The study noted that “even if smoking does have a small protective effect against Covid-19, this would still be massively outweighed by the well-established adverse health effects of smoking”.
A 2020 meta-analysis from the University of California in the US looked at 19 peer-reviewed papers with data from a total of 11,590 Covid-19 patients. In 29.8% of patients with a history of smoking, the disease became more severe or resulted in death. In comparison, this happened to 17.6% of non-smoking patients. The analysis noted that these findings were “not surprising” due to the negative effects of smoking on the overall function of the immune system within the lungs.
Taking a step back and looking at all of the data presented here we can tentatively agree with the hypothesis that smokers are less likely to be admitted to hospital with Covid-19, but once they are in hospital, their outcomes are similar at best and likely worse than nonsmokers.
Nicotine an avenue for research – but no proof yet
Exactly why this happens is unclear. The short answer is that we simply don’t know. But some research groups are starting to put together educated guesses.
Smoking tobacco produces a complex mixture of cancer promoting substances, toxins and other chemicals. None of these are known as yet to have any protective effects against viruses in general or Covid-19 specifically.
A team from the University of West Attica in Greece has proposed that nicotine may be responsible for the stark difference between the percentage of Covid-19 patients who are smokers and smoking prevalence in the general population.
The current theory is that nicotine might alter how our bodies respond to Covid-19 infection. A 2011 study from the University of Brighton in the UK exposed laboratory mice to fragments of bacteria to induce lung injury and inflammation. The mice showed lower levels of inflammation when treated with nicotine.
This nicotine connection is currently unsupported by real-world experimental data, but is a new avenue for research.
Findings should be interpreted with caution
As a team from the University of Sydney’s School of Public Health in Australia points out, we need to interpret all of these results with caution. Bias or a distortion due to some unaccounted-for error may play a role in why we’re seeing these unexpected results.
First among these is selection bias, meaning that the samples in these studies aren’t truly random. A sample may consist of people disproportionately less likely to be smokers. This includes health care workers, who are at higher risk of catching Covid-19 “but usually show lower prevalence of current smoking”. Many of these studies had incomplete datasets and sample sizes had to be drastically cut because smoking status was not recorded for many patients.

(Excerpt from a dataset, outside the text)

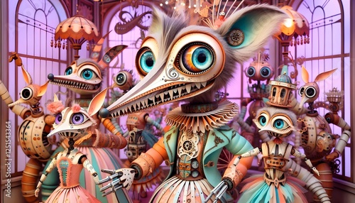 Naklejka premium Autómatas de Papel: Fantasía Mecánica y Arte Quilling
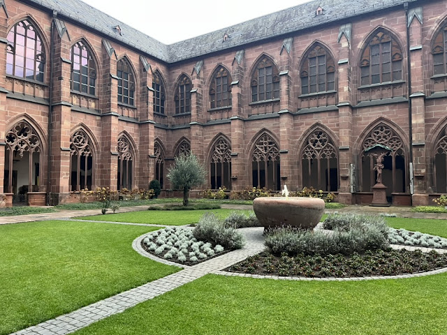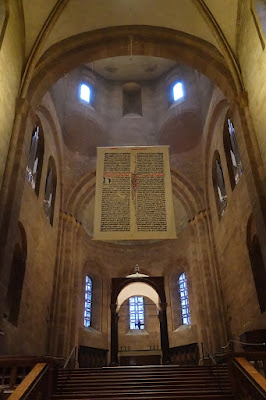 走入教堂内部,一如既往地神圣而庄严,石柱与拱顶构成了厚重而华丽的空间秩序。然而其中最引人注意的,并非祭坛或雕塑,而是悬挂在中殿上方的一页《古腾堡圣经》复制品。这并非装饰,而是一种明确的致敬。约在 1450 年前后,约翰内斯·古腾堡在美因茨印刷了改变历史的《四十二行圣经》。通过金属活字印刷,圣经第一次得以被大量复制,从原本只掌握在少数僧侣手中的文本,走向了普罗大众。这种传播方式的转变,不仅改变了知识的流通,也在无形中为半个世纪后的宗教改革,预备了最关键的媒介条件。

Social desirability bias may cause people to deny smoking. Patients may wish to be seen as making good decisions when it comes to their health. As a doctor in South Africa, I have experienced many patients reporting their smoking status incorrectly when being tested for Covid-19. In cases where someone has not smoked for a few days, they may report this as having “quit”. If not interrogated it may be recorded on their file.
Lastly, as mentioned above, many of these papers are still undergoing peer review, and await final approval before being published formally. While they provide new, interesting areas to explore they should be interpreted with caution – especially by those using them to justify health regulations.
Petrie Jansen van Vuuren is a medical doctor based in Gauteng, with a postgraduate background in human physiology research at the University of Pretoria.